Модифицированные остатки. Не обнаружены. Белок экспрессирован в E. coli BL21(DE3) без нестандартных аминокислот. Записей MODRES в PDB-файле нет.
Малые молекулы
В структуре присутствуют 3 типа малых молекул (суммарно 20 экземпляров):
| Код | Полное название | Формула | Кол-во молекул |
|---|---|---|---|
| LDA | LAURYL DIMETHYLAMINE-N-OXIDE(лаурилдиметиламин-N-оксид,LDAO) | C14 H31 N O | 15 молекул (7 у цепи A, 8 у цепи B) |
| SO4 | SULFATE ION (сульфат-анион) | O4 S | 1 молекула (цепь A) |
| CL | CHLORIDE ION (хлорид-анион) | Cl | 4 молекулы (2 у цепи A, 2 у цепи B) |
Строки HETATM для каждого типа малых молекул из PDB-файла (формат): HETATM NNN C14 LDA A 601 ... — молекулы LDA (детергент) HETATM NNN S SO4 A 301 ... — сульфат-анион HETATM NNN CL CL A 401 ... — хлорид-анион.
Дополнительный анализ
Структура 3TX3 получена рентгеноструктурным анализом кристалла. Малые молекулы выполняют разные функции:
LDA — детергент для кристаллизации
Лаурилдиметиламин-N-оксид (LDAO) — цвиттерионный детергент, используемый для солюбилизации интегральных мембранных белков. Он мимикрирует липидный бислой, образуя мицеллярную «шапку» вокруг гидрофобного трансмембранного пояса белка и удерживая его в растворе. Все 15 молекул LDA расположены там, где in vivo находились бы ацильные цепи фосфолипидов. Искусственный компонент — добавлен при очистке и кристаллизации.
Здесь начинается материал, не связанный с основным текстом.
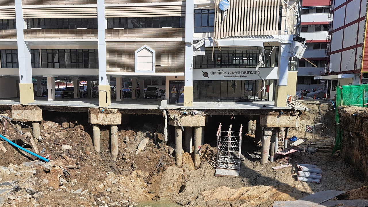 รฟม.แจงการถมทรายอุดหลุมยุบถนน สามเสนยังเป็นไปตามแผน หลังวันนี้เพิ่มเสาเข็มสั้น 3 ต้น ค้ำยันอาคารที่ทำการใหม่ สน.สามเสน พร้อมติดกล้องเฝ้าระวังการสั่นสะเทือน ขณะนี้ยังไม่พบการเคลื่อนไหวที่รุนแรง ส่วนถนนทรุดที่หน้าการไฟฟ้านครหลวงเขตยานนาวา เจ้าหน้าที่ปิดกั้นท่อระบายน้ำป้องกันการรั่วซึมของน้ำลงสู่บริเวณที่เกิดการทรุดตัว พร้อมสูบน้ำออกจากบริเวณดังกล่าว ก่อนวางท่อพร้อมบ่อพักฟื้นคืนสภาพพื้นที่เป็นขั้นตอนต่อไปความคืบหน้าในการถมทรายใช้ซีเมนต์อุดอุโมงค์คืนถนนสามเสนตามกำหนดการวันที่ 9 ต.ค.นี้หลังเกิดการทรุดตัวเป็นหลุมยักษ์หน้า รพ.วชิรพยาบาล สาเหตุจากการสไลด์ของดิน ในโครงการก่อสร้างรถไฟฟ้าใต้ดินสายสีม่วงใต้ ล่าสุดเมื่อวันที่ 3 ต.ค. นายชัชชาติ สิทธิพันธุ์ ผู้ว่าฯ กทม. กล่าวหลังลงพื้นที่ติดตามความคืบหน้าเหตุถนนสามเสนทรุดตัวหน้าทางเข้าโรงพยาบาลวชิรพยาบาลว่าเช้านี้ราวตี 5 มีฝนตกลงมาประมาณ 23 มม. มีน้ำขังเล็กน้อยในหลุมยุบ ความคืบหน้าขณะนี้มีการถมทรายและทำตัวค้ำยันอาคาร สน.สามเสน อาจมีดินทรุดบ้างจากฝนตก ให้เจ้าหน้าที่และผู้เชี่ยวชาญสรุปอีกครั้งว่าจะดำเนินการต่ออย่างไร ภาพรวมงานก้าวหน้าไปตามแผนที่กำหนดไว้ ทีม กทม. หน้างาน เตรียมพร้อมสูบน้ำรับสถานการณ์ฝน และตามที่ รฟม.สั่งการผู้ว่าฯ กทม.กล่าวอีกว่า ในการปฏิบัติงานได้ถมทรายเพิ่มอีกประมาณ 1,300 คิว ปริมาณทรายที่ถมไปทั้งหมดราว 3,500 คิว มีการย่อยแผ่นคอนกรีตในบริเวณหลุมแล้ว ทรายส่วนหนึ่งถูกดันเข้าไปใต้ สน.สามเสน รวมถึงเสริมความมั่นคงแข็งแรง ทำตัวค้ำยันชั่วคราว (เสาเข็มสั้น) สำนักป้องกันและบรรเทาสาธารณภัยเฝ้าระวังตั้งกล้องตรวจสอบความเคลื่อนไหวของอาคารยังไม่พบการเคลื่อนไหวที่รุนแรง ยังคง ปกติ ทั้งนี้ การเตรียมเปิดให้บริการถนนสามเสนหน้า รพ.วชิรพยาบาล คาดการณ์ว่าการถมทรายจะแล้วเสร็จประมาณวันที่ 4-5 ต.ค. จากนั้นจะบดอัดทรายและทำชั้นพื้นถนน เปิดใช้งานจริงในวันที่ 9 ต.ค.68ต่อมาเวลา 15.00 น. ที่โรงพยาบาลวชิรพยาบาล นายปฏิเวช เหระยัง ผู้อำนวยการกองบริหารงานก่อสร้าง 4 การรถไฟฟ้าขนส่งมวลชนแห่งประเทศไทย นางวรัญญา ลีลาบูรณพงศ์ ผอ.เขตดุสิต และผู้ช่วยศาสตราจารย์ นายแพทย์จักราวุธ มณีฤทธิ์ คณบดีคณะแพทยศาสตร์วชิรพยาบาล ร่วมกันแถลงความคืบหน้าประจำวันจากเหตุถนนสามเสนยุบหน้า รพ.วชิรพยาบาลนายปฏิเวช เหระยัง ผู้อำนวยการกองบริหารงานก่อสร้าง 4 การรถไฟฟ้าขนส่งมวลชนแห่งประเทศไทย เปิดเผยว่า เมื่อวันที่ 2 ต.ค. เจ้าหน้าที่ได้ถมทรายเพิ่มอีกประมาณ 1,300 ลูกบาศก์เมตร ทำให้ขณะน
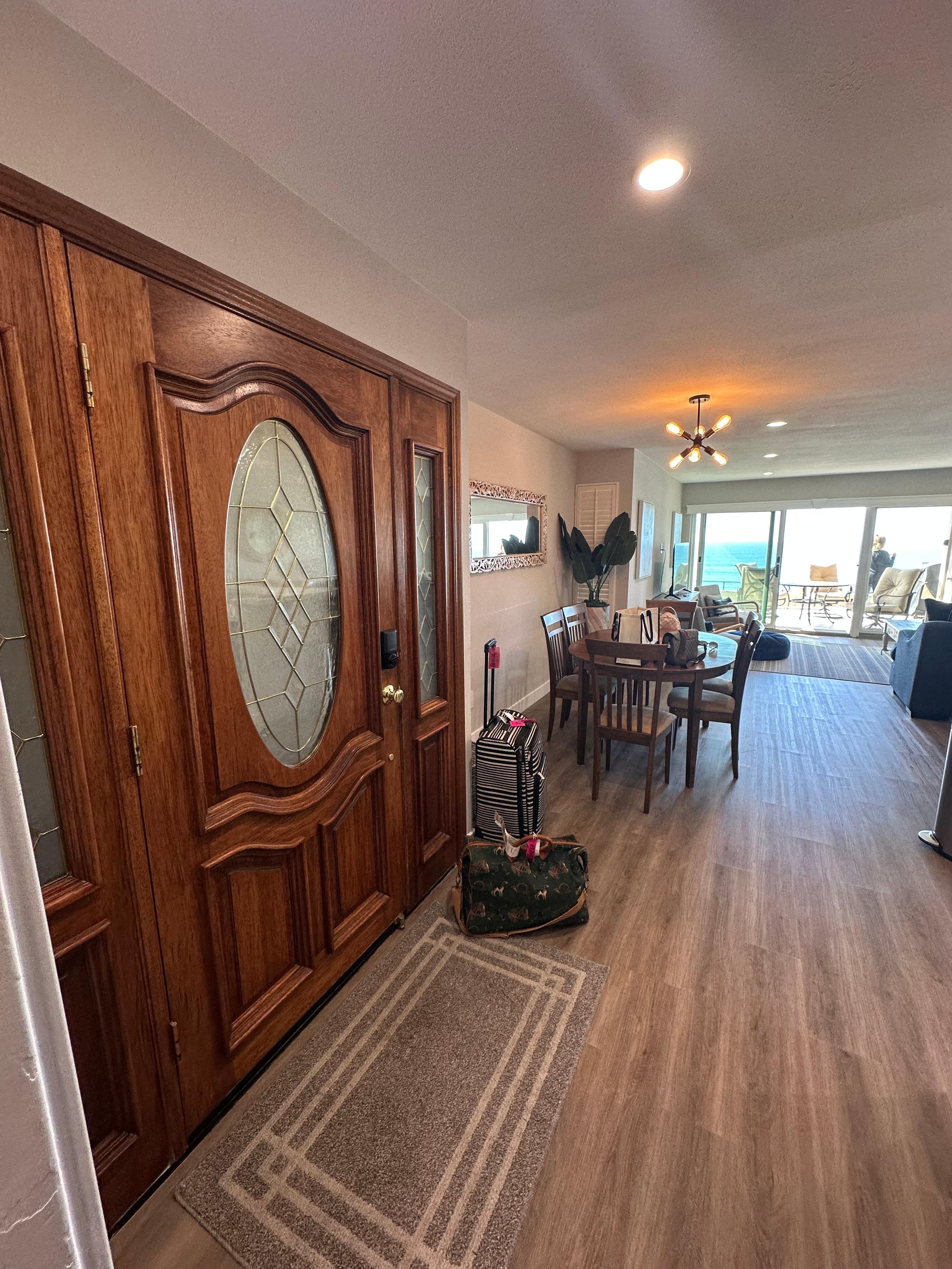 Brand new! 2 bedroom 2 full bath condo. Beachfront 180° view. Just steps to the private beach. Be the first one to stay at this completely remodeled brand new top to bottom . The Del Mar Beach Club Ocean front complex features 2 tennis courts, 4 pools, spas, gym and sauna, along with direct access to beach. 2 assigned covered parking. 1 pet is allowed.

SO4 — субстрат транспортёра
Сульфат-анион (SO4 2-) — прямой субстрат CysZ: именно его этот белок переносит через мембрану в рамках пути биосинтеза цистеина. Наличие SO4 в структуре биологически значимо — он занимает субстрат-связывающий сайт транспортёра и демонстрирует геометрию узнавания субстрата. Хотя сульфат присутствует и в буфере кристаллизации (сульфат аммония — распространённый осадитель), его положение в активном сайте свидетельствует о функциональной связи с работой белка. Функционально значимая молекула, непосредственно связанная с транспортной активностью CysZ.
CL — ионы из буфера кристаллизации
Ионы хлора (Cl-) происходят из NaCl или MgCl2 в составе буферов. Они нейтрализуют локальные положительные заряды на поверхности белка и не связаны с его транспортной функцией. Искусственный компонент — внесён в процессе получения структуры.